Exact steps or command run after the patch: Fix 1 was verified by counting missing-transcript reset events in the live gateway log across pre- and post-patch windows. Fix 2 was verified by applying the dist-side patch to a gateway whose 3d-engineer session was already stuck on a trailing tool_use(Bash) (binding 5918a618-... still in ~/.openclaw/agents/3d-engineer/sessions/sessions.json), restarting the gateway, sending a real Telegram message via the iOS Telegram app to 3d-engineer, and watching ~/.openclaw/logs/gateway.log for the claude live session turn and [telegram] sendMessage ok lines:

$ grep "cli session reset: provider=claude-cli reason=missing-transcript" \
    ~/.openclaw/logs/gateway.log \
    | grep -E "2026-05-(05|06|07|08|09|10|11|12)" | wc -l   # Fix 1 pre-patch window
$ grep "cli session reset: provider=claude-cli reason=missing-transcript" \
    ~/.openclaw/logs/gateway.log \
    | grep -E "2026-05-(13|14)" | wc -l                       # Fix 1 post-patch window
$ /opt/homebrew/bin/python3 ~/.local/bin/openclaw-orphan-tool-use-patch.py
$ launchctl kickstart -k "gui/$(id -u)/ai.openclaw.gateway"
$ awk '/^2026-05-14T12:2[0-3]/' ~/.openclaw/logs/gateway.log | grep -E "3d-engineer|claude live|telegram"

Between the kickstart and the awk grep, I sent a real Telegram message to 3d-engineer from the iOS Telegram app to verify the recovery path end-to-end.

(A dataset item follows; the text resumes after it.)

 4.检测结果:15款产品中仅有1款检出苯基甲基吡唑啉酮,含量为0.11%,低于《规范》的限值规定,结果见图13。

Evidence after fix: Live runtime log output from the production gateway, captured by terminal grep/awk on ~/.openclaw/logs/gateway.log — see fenced blocks below.

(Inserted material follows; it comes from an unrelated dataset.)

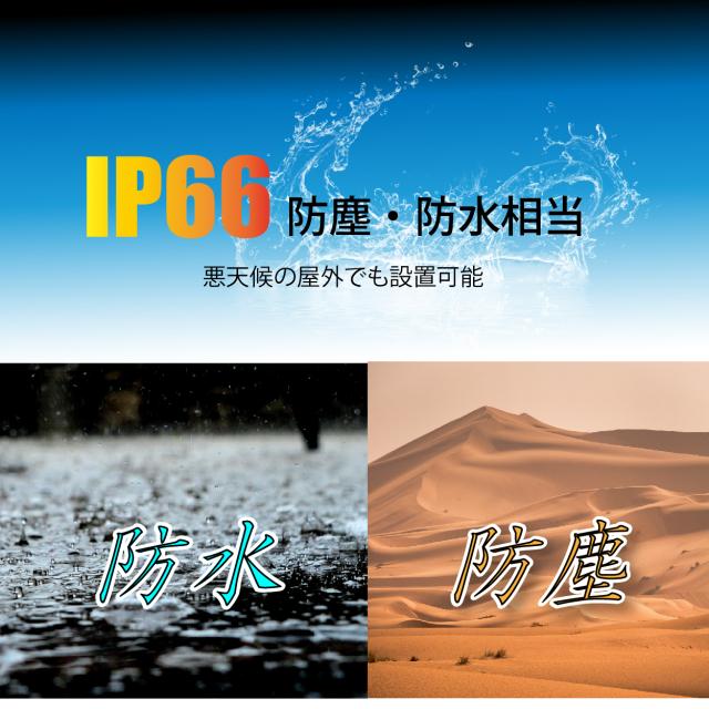 ★IP66防水防塵相当仕様でほこりや水に強い設計。悪天候の屋外でも設置可能。

Fix 1 — pre-patch (May 5–12, 8 days, no patch applied) returned 24 missing-transcript reset events; post-patch (May 13–14, 2 days, dist-side patch applied) returned 0:

24
0

Fix 1 sample raw pre-patch event lines:

2026-05-09T18:55:09.246-04:00 [agent/cli-backend] cli session reset: provider=claude-cli reason=missing-transcript
2026-05-09T19:09:15.007-04:00 [agent/cli-backend] cli session reset: provider=claude-cli reason=missing-transcript
2026-05-09T20:54:14.602-04:00 [agent/cli-backend] cli session reset: provider=claude-cli reason=missing-transcript

Fix 2 stuck transcript on disk that proves the bug existed:

$ tail -1 ~/.claude/projects/<encoded-cwd>/5918a618-513b-40cf-bbb7-24b64d1b6aef.jsonl
{"parentUuid":"7071f993-...","isSidechain":false,"message":{"model":"claude-opus-4-6","id":"msg_bdrk_01QdQnfErtmZkAmcJA9p5xCS","type":"message","role":"assistant","content":[{"type":"tool_use","id":"toolu_bdrk_01Cyhp6vtsDwvEysvorDighT","name":"Bash","input":{"command":"blende...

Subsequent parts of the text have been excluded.